(Assignment):
Skip every picture while you write out the records below, from the first line through the one that contains "调查结果显示,58% 的科研人员已在科研工作中使用 AI,只有 16% 还未尝试。", both ends kept.

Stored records
+-------+
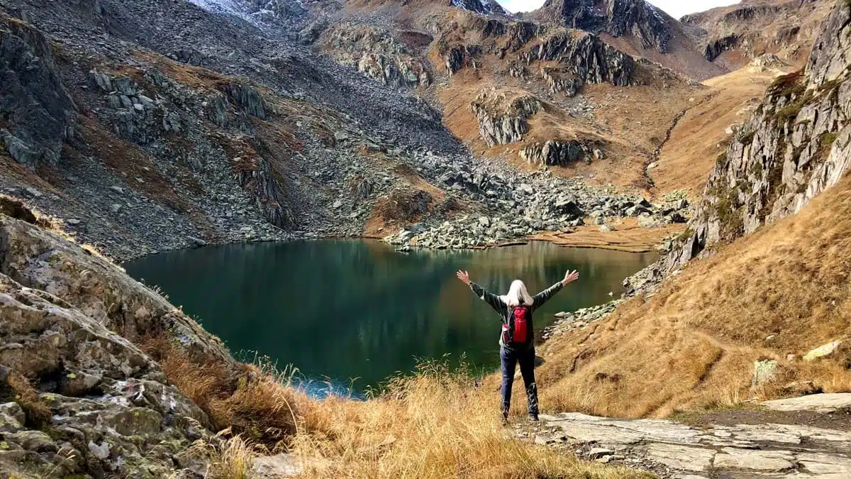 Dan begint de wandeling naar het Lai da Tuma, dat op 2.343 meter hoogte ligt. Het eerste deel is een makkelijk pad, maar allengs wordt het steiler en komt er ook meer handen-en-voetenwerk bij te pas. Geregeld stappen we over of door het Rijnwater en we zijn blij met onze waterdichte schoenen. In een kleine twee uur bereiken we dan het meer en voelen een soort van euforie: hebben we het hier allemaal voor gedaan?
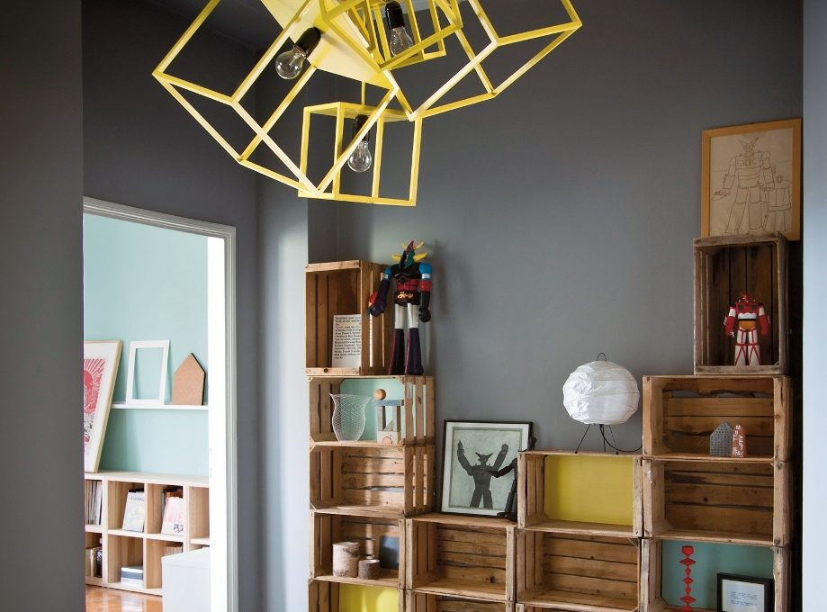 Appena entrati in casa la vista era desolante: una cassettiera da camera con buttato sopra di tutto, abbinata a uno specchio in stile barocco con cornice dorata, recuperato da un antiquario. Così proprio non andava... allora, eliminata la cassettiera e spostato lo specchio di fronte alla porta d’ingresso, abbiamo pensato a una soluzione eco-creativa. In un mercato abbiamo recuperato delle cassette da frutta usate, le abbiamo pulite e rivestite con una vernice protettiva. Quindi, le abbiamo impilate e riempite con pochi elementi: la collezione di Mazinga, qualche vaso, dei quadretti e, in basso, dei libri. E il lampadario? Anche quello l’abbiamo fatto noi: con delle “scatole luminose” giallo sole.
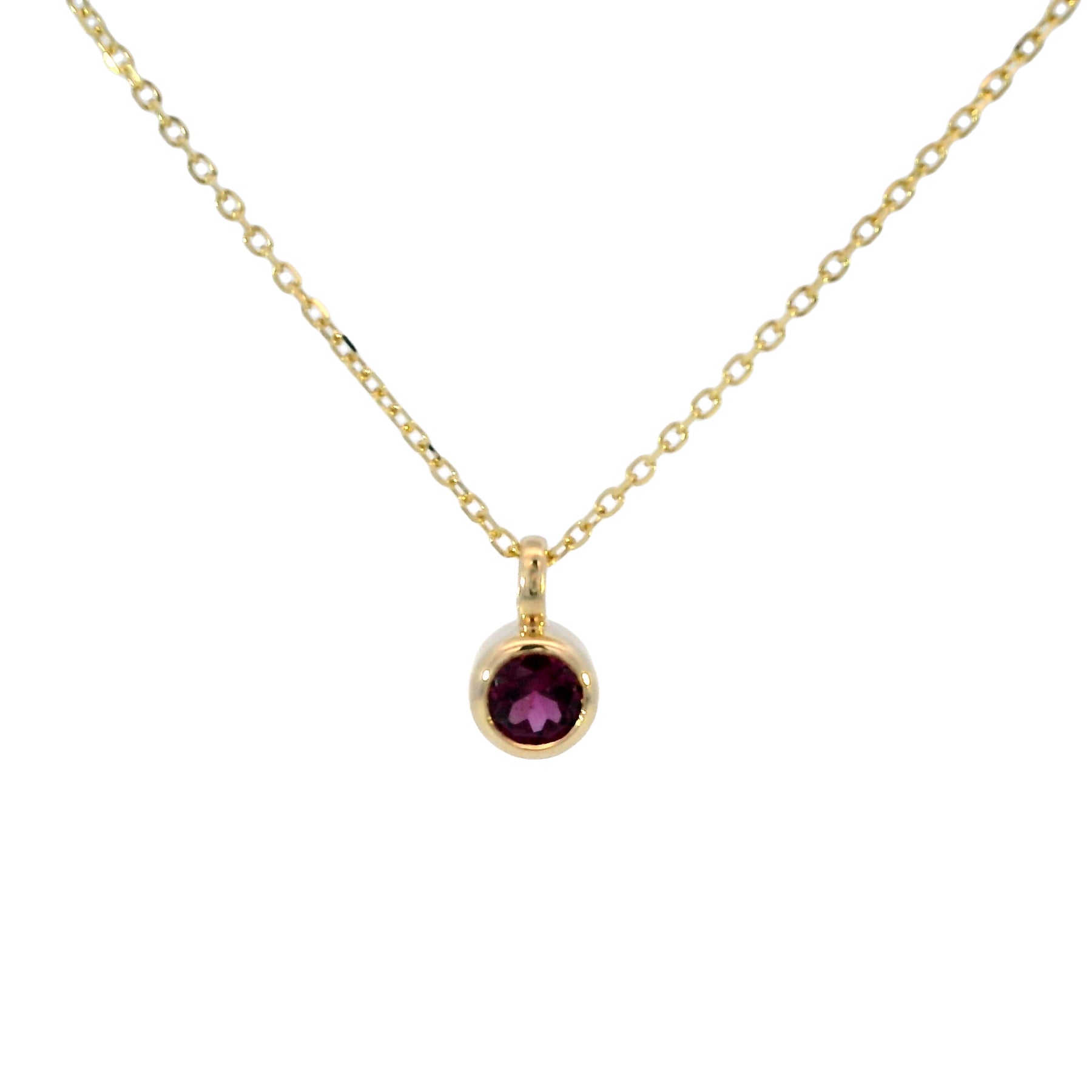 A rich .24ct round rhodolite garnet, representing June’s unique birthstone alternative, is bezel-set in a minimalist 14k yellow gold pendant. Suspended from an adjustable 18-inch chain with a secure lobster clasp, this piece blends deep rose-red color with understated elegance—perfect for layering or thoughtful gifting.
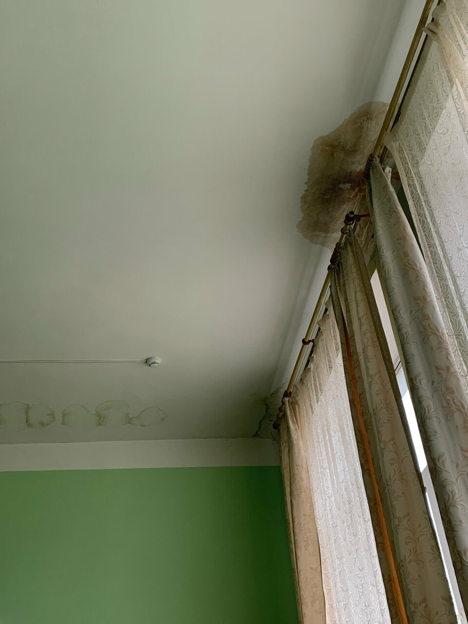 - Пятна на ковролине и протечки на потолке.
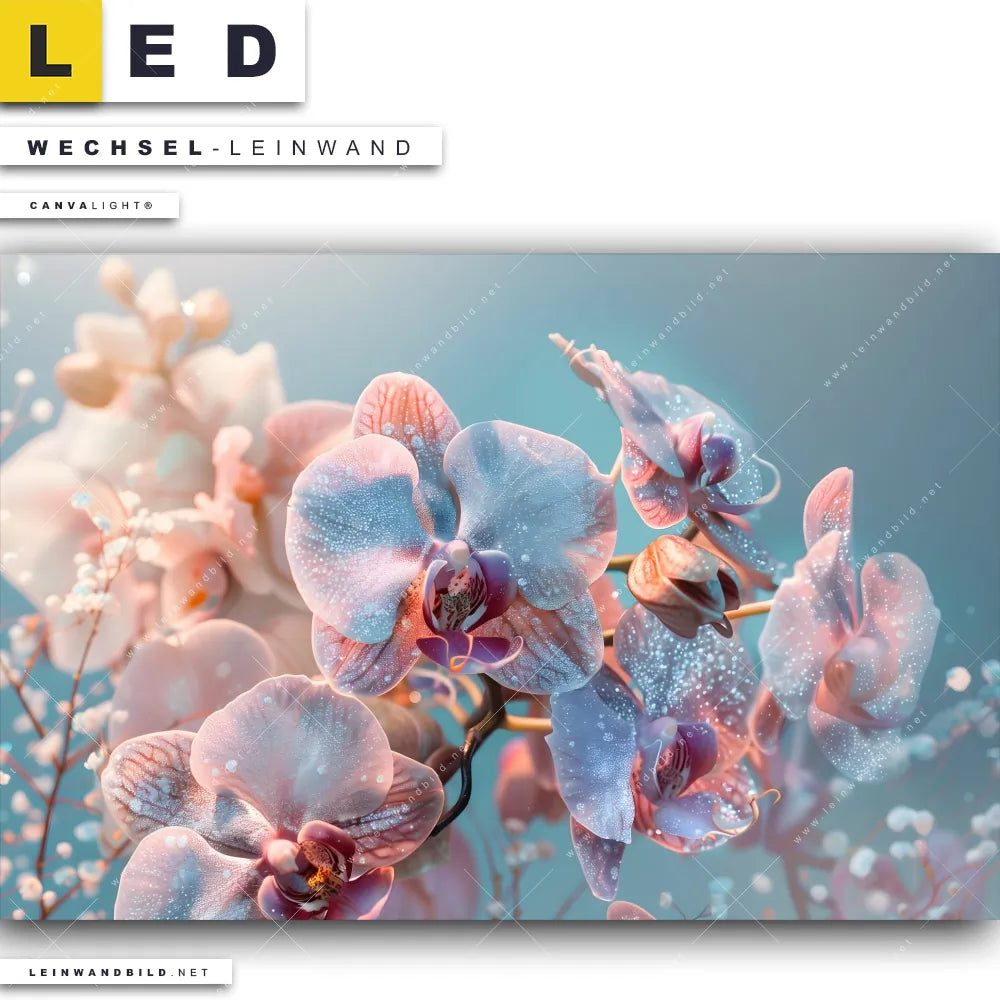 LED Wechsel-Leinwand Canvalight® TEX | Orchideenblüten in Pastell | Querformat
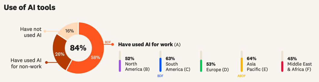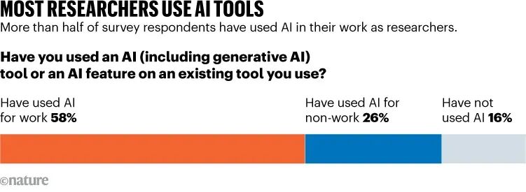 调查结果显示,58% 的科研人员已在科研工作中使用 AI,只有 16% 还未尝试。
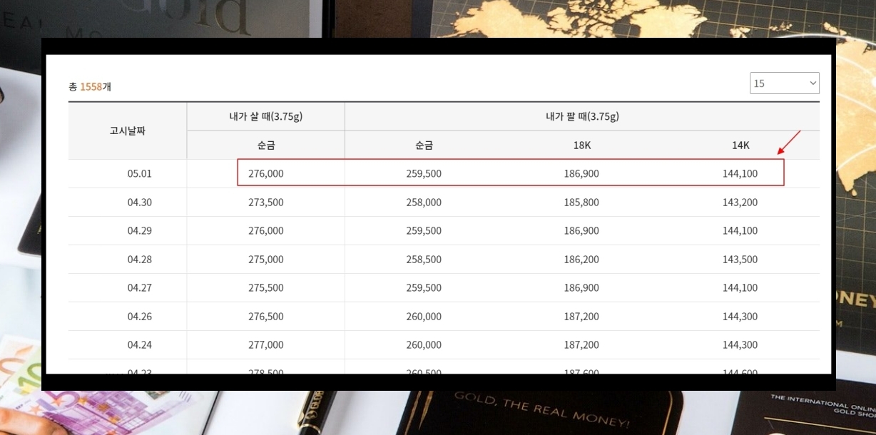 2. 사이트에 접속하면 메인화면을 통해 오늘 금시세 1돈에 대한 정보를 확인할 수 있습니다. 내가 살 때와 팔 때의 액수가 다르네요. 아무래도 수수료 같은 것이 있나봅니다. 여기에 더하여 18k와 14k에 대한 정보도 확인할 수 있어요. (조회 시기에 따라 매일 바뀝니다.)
+-------+
(Expected output):
 Dan begint de wandeling naar het Lai da Tuma, dat op 2.343 meter hoogte ligt. Het eerste deel is een makkelijk pad, maar allengs wordt het steiler en komt er ook meer handen-en-voetenwerk bij te pas. Geregeld stappen we over of door het Rijnwater en we zijn blij met onze waterdichte schoenen. In een kleine twee uur bereiken we dan het meer en voelen een soort van euforie: hebben we het hier allemaal voor gedaan?
 Appena entrati in casa la vista era desolante: una cassettiera da camera con buttato sopra di tutto, abbinata a uno specchio in stile barocco con cornice dorata, recuperato da un antiquario. Così proprio non andava... allora, eliminata la cassettiera e spostato lo specchio di fronte alla porta d’ingresso, abbiamo pensato a una soluzione eco-creativa. In un mercato abbiamo recuperato delle cassette da frutta usate, le abbiamo pulite e rivestite con una vernice protettiva. Quindi, le abbiamo impilate e riempite con pochi elementi: la collezione di Mazinga, qualche vaso, dei quadretti e, in basso, dei libri. E il lampadario? Anche quello l’abbiamo fatto noi: con delle “scatole luminose” giallo sole.
 A rich .24ct round rhodolite garnet, representing June’s unique birthstone alternative, is bezel-set in a minimalist 14k yellow gold pendant. Suspended from an adjustable 18-inch chain with a secure lobster clasp, this piece blends deep rose-red color with understated elegance—perfect for layering or thoughtful gifting.
 - Пятна на ковролине и протечки на потолке.
 LED Wechsel-Leinwand Canvalight® TEX | Orchideenblüten in Pastell | Querformat
 调查结果显示,58% 的科研人员已在科研工作中使用 AI,只有 16% 还未尝试。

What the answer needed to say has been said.